Task objective: What is needed is an exact copy of the records below, minus any pictures.
═════ Records
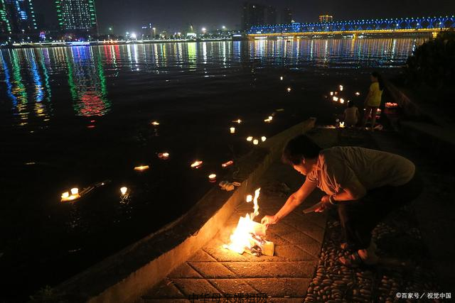 中元节点一盏灯,向先人叩拜,默默祷告。
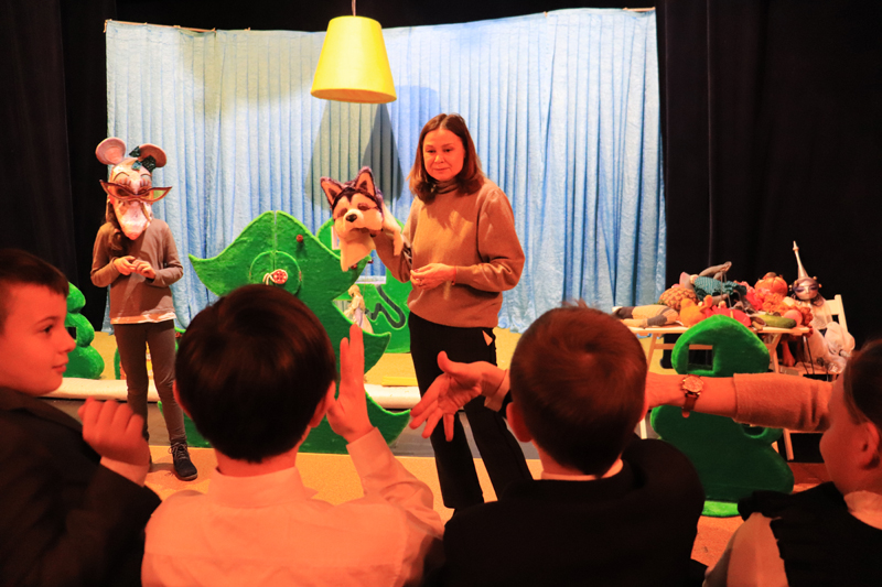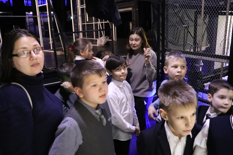 В фойе ребят встречал художественный руководитель театра Валерий Шадский. Вместе со Светланой Федяевой, педагогом театра, юные актеры совершили путешествие по волшебному миру театрального закулисья. Ребятам рассказали об истории Рязанского театра кукол, они узнали, как рождается спектакль, что происходит за кулисами и в зрительном зале, как работают костюмеры, реквизиторы и бутафоры.
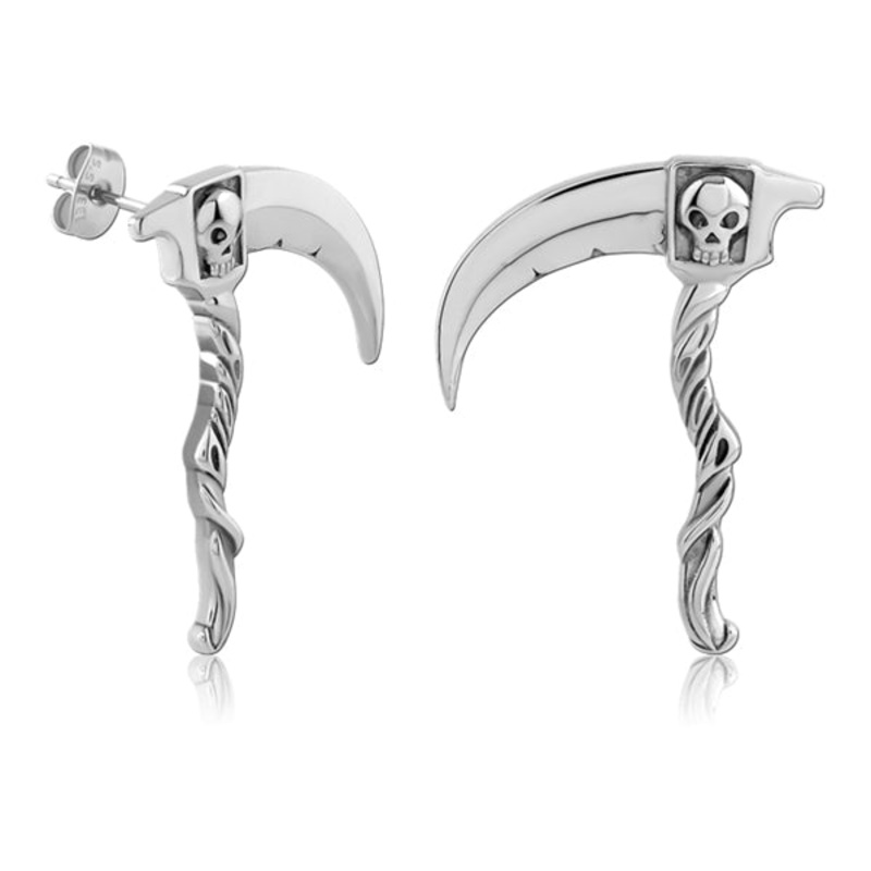 Reaper Scythe Stainless Stud Earrings 20 gauge Stainless Steel Pair
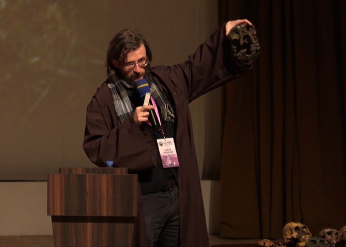 Достаточно, опять же, лишний раз посмотреть на карту мира, чтобы убедиться, что ледниковые условия, они только там где ледники. Они на севере, где людей-то и не было никогда. А бОльшая часть планеты, где жила бОльшая часть населения, это не приледниковая тундра с пещерными львами, мамонтами и носорогами. Большая часть населения планеты всегда жила в чудесных, замечательных, тропических и субтропических условиях. И большой мозг возник там, потому что эти черепа, о которых я говорил выше, – это всё тропики, тропики, тропики. Вот у этого товарища (поднимает череп Homo sapiens idaltu) голова больше, чем у меня, ему 150 тыс. лет и он из Эфиопии.
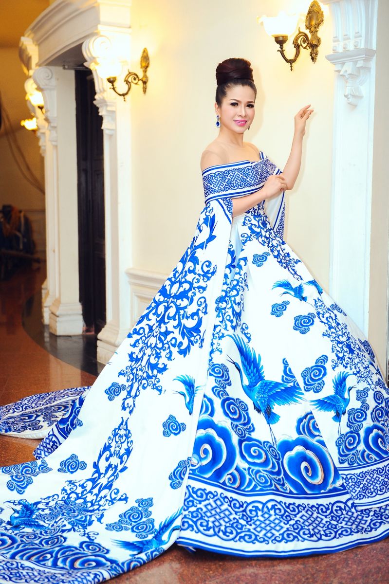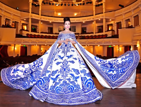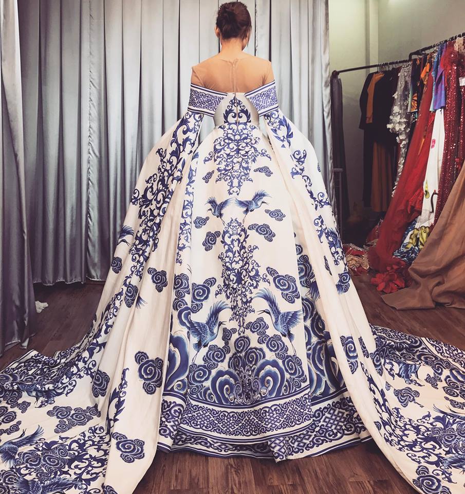Thiết kế có dáng gần giống với trang phục truyền thống của Hàn Quốc, tông màu trắng chủ đạo, thiết kế cầu kỳ với họa tiết chim hạc và hoa văn gốm sứ màu xanh dương, xòe rộng ở phần đuôi vô cùng nổi bật.
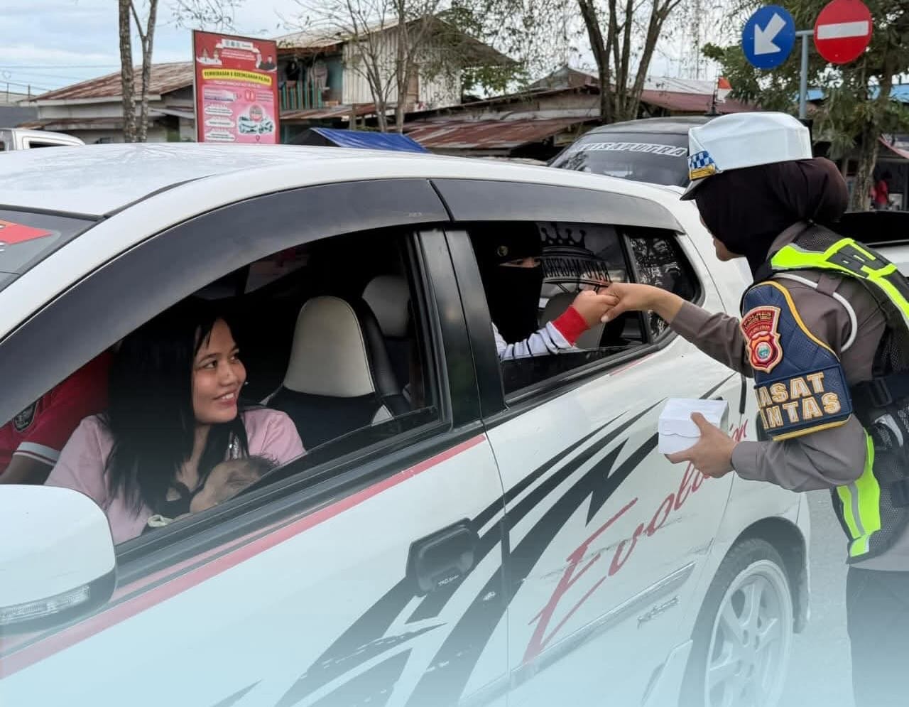 Ramadan, Satlantas Polres Halmahera Tengah Sapa Pengendara dengan Takjil
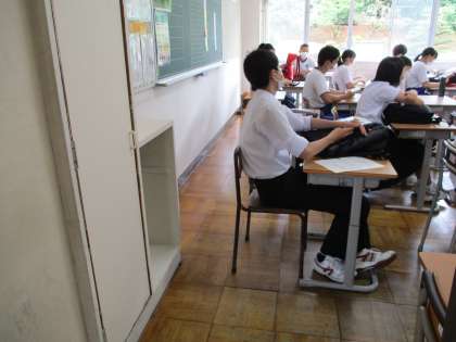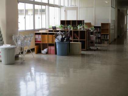 画像上は、3年教室です。後ろのロッカーがなくなった分だけ、少しスペースができました。
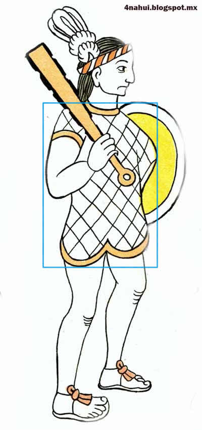 This protective costume was a sleeveless, thickly-padded tunic, stuffed with raw cotton and encased either by reeds, animal hide or quilted cloth. No doubt the armor was worn by warriors of all cultural groups and classes from the Classic period on, thus serving as Mesoamerican basic martial attire. Indeed, the heavily-quilted cotton armor was so effective that the Spanish conquistadors quickly adopted it.
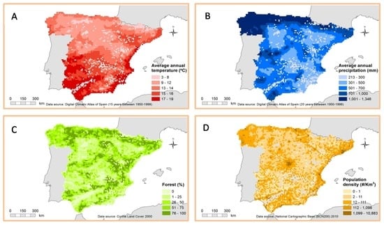 - Ninyerola, M.; Pons, X.; Roure, J. Atlas Climático Digital de la Península Ibérica. Metodología y Aplicaciones en Bioclimatología y Geobotánica; Universitat Autònoma de Barcelona: Bellaterra, Spain, 2005. [Google Scholar]
══════════
Answer space:
 中元节点一盏灯,向先人叩拜,默默祷告。
 В фойе ребят встречал художественный руководитель театра Валерий Шадский. Вместе со Светланой Федяевой, педагогом театра, юные актеры совершили путешествие по волшебному миру театрального закулисья. Ребятам рассказали об истории Рязанского театра кукол, они узнали, как рождается спектакль, что происходит за кулисами и в зрительном зале, как работают костюмеры, реквизиторы и бутафоры.
 Reaper Scythe Stainless Stud Earrings 20 gauge Stainless Steel Pair
 Достаточно, опять же, лишний раз посмотреть на карту мира, чтобы убедиться, что ледниковые условия, они только там где ледники. Они на севере, где людей-то и не было никогда. А бОльшая часть планеты, где жила бОльшая часть населения, это не приледниковая тундра с пещерными львами, мамонтами и носорогами. Большая часть населения планеты всегда жила в чудесных, замечательных, тропических и субтропических условиях. И большой мозг возник там, потому что эти черепа, о которых я говорил выше, – это всё тропики, тропики, тропики. Вот у этого товарища (поднимает череп Homo sapiens idaltu) голова больше, чем у меня, ему 150 тыс. лет и он из Эфиопии.
Thiết kế có dáng gần giống với trang phục truyền thống của Hàn Quốc, tông màu trắng chủ đạo, thiết kế cầu kỳ với họa tiết chim hạc và hoa văn gốm sứ màu xanh dương, xòe rộng ở phần đuôi vô cùng nổi bật.
 Ramadan, Satlantas Polres Halmahera Tengah Sapa Pengendara dengan Takjil
 画像上は、3年教室です。後ろのロッカーがなくなった分だけ、少しスペースができました。
 This protective costume was a sleeveless, thickly-padded tunic, stuffed with raw cotton and encased either by reeds, animal hide or quilted cloth. No doubt the armor was worn by warriors of all cultural groups and classes from the Classic period on, thus serving as Mesoamerican basic martial attire. Indeed, the heavily-quilted cotton armor was so effective that the Spanish conquistadors quickly adopted it.
 - Ninyerola, M.; Pons, X.; Roure, J. Atlas Climático Digital de la Península Ibérica. Metodología y Aplicaciones en Bioclimatología y Geobotánica; Universitat Autònoma de Barcelona: Bellaterra, Spain, 2005. [Google Scholar]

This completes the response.